The Thing and its Logical Analysis

Just a few scattered remarks about the nature of the Thing from a logical point of view.

The thing in speculative philosophy is more than the analysis can give us that is contained in the phenomenology. The thing of perception can also be examined logically, as the concept of things that is active whenever some thing has become our object.  This is a very important difference.  The realist assumption that only things can become objects, and that logic is just an expression of the relationship between the intellect and such objects, is false.  Hegel’s philosophy shows that it is the concept of the thing that actually becomes my object, which then in a realist assumption is identified with reality as such. In his phenomenology Hegel shows the inner contradictions that occur when consciousness takes its objects as a thing, i.e. as a real absolute that has no logical structure in itself but is just a composition of sense data, i.e. a compound of sensuous qualities. Consciousness will find that it has to resort to different sorts of logical structures in order to evade the contradiction. It either starts with the many and contradicts itself with the necessary addition of oneness, or it starts with oneness and then has to move beyond it to the manifold of properties.

Now in the logical analysis of the thing as a concept, these inner contradictions that lead to the dissolution of perceptive consciousness, are developed and presented as something that is essential to the thing itself.  For perceptive consciousness contradiction cannot be a part of the definition of the thing.  In the logical analysis however these contradictions emerge as vital to the constitution of the thing.

The contradiction that constitutes a thing results from the very basic premise that everything has properties.  Now these properties in the first place can be understood as the determinate relations of the thing to something other, some other thing or quality.  In that sense the property of a thing is a negative reflection, because the property is inherent in the thing and thereby excludes that other, and at the same time it is reflected, i.e. it receives its determinacy from that other at the same time.

In the second place the thing in its relation to something other, remains what it is in itself, it has a being in itself.  In a very general sense the properties of a thing determine that thing to be the cause of its properties, being a cause means just basically, that it has the power to maintain this determinacy, to preserve the properties as such.

In the full development of this concept, Hegel applies the notion of existence.  The thing in itself exists, and it exists essentially.  It exists by withdrawing from its properties into itself.  However, precisely because it has existence, the qualities that are its properties, this external immediacy, are themselves the expression of this being in itself of the thing.

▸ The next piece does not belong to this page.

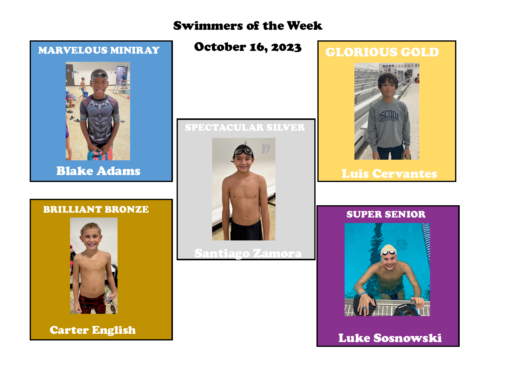 Swimmers of the Week: Congratulations to our swimmers of the week!

Hegel’s use of the category of existence is important to note here. There is no doubt that Hegel’s speculative idealism acknowledges the ‘existence of things in reality’, if we can use this expression loosely to convey a realist ‘attitude.’   But this existence is not simply a given, or an absolute reality, but at the same time a way of understanding of that reality that cannot be considered separately.  As soon as we talk about reality, as soon as we talk about the things that exist in reality, a logical structure is used.  A secondary division between a reality per se and ‘reality’ as a logical structure, is a logical fallacy. Tje separation between the two introduces a new category and new problems as well.

At the end of the chapter on perception, Hegel showed that the inner contradictions of the thing of perception lead necessarily to the concept of a manyfold of things.  Only the relationship between two things can solve the contradiction that arose earlier, because the one thing can be considered in its being in itself, and the other as its being for others.  The contradiction within the concept of the thing can now be resolved by the attribution of each of the conflicting characteristics to separate things.  A thing that has properties implies necessarily the existence of several things.  Hegel can now determine more accurately the relationship between the various and different things.  Because of their properties they have an essential reciprocal effect on each other.  Actually the thing is essentially what is expressed in its properties, and these properties exist in a reciprocal relationship.

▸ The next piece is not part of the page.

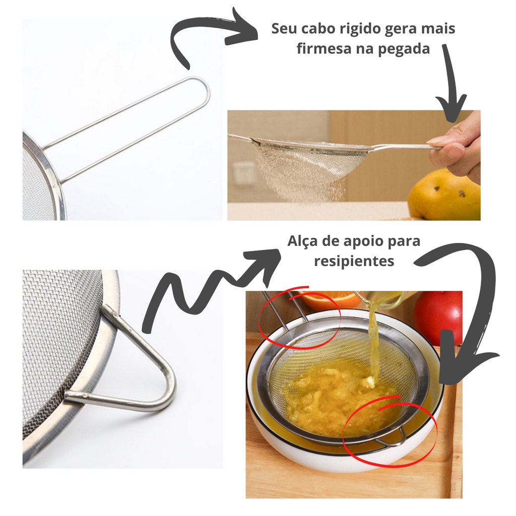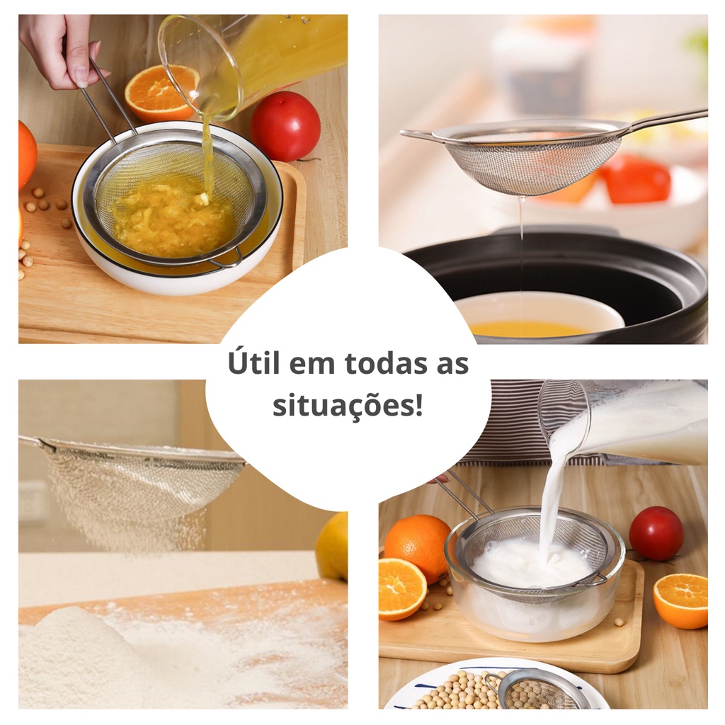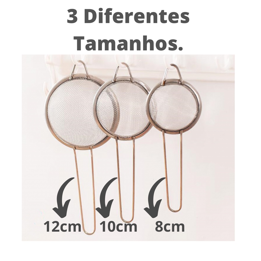 Kit 3 Peneiras Aço Inox Luxo Pequena Média e Grande Utensílios De Cozinha com 3 tamanhos diferentes 8, 10 e 12 cm

When we talk about things and their properties, we must come to the conclusion that the properties themselves are vital.  Even though they are posited as determining something other than themselves, i.e. the thing as such, they and they alone express the determinate nature, they are the determinate thing.  Because they are universal in themselves they must at the same time belong to many things and they continue beyond the confines of the thing into other things.  The properties of a thing constitute an infinite world of things.  The connection between properties that define a single thing as a collection  – or medium – of qualities, is therefore no absolute at all.  A single determinate thing is ‘this’  thing in its exclusive oneness and at the same time just a collection or quantitative limit to gather in the free properties.  That defines the thing as changeable.  Things come and go, they change in form or color or size.  Because they themselves change, they must be one, but because they change, they must be the effect of their properties.

The properties turn out to be the free moving and independent qualities that cause these changes.  We have now reached the opposite conclusion.  It is the properties or the free matters as Hegel calls them, that are the true cause of the thing.

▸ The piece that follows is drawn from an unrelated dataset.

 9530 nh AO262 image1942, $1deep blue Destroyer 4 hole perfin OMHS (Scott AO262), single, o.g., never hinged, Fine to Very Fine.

From this we can define the thing as the totality of the determinations of the thing as cause or existence, and the properties as the defining and determining instance, or do ground.  Or we can say in more abstract language, that a thing is the immediate unity of the reflection in itself and the reflection in others.  Never should we consider the thing just to be a collection of its properties and never should we apply the assumption that anything exists as something independent.  Every thing is more like the interplay of these various logical moments, and never something like a simple substance.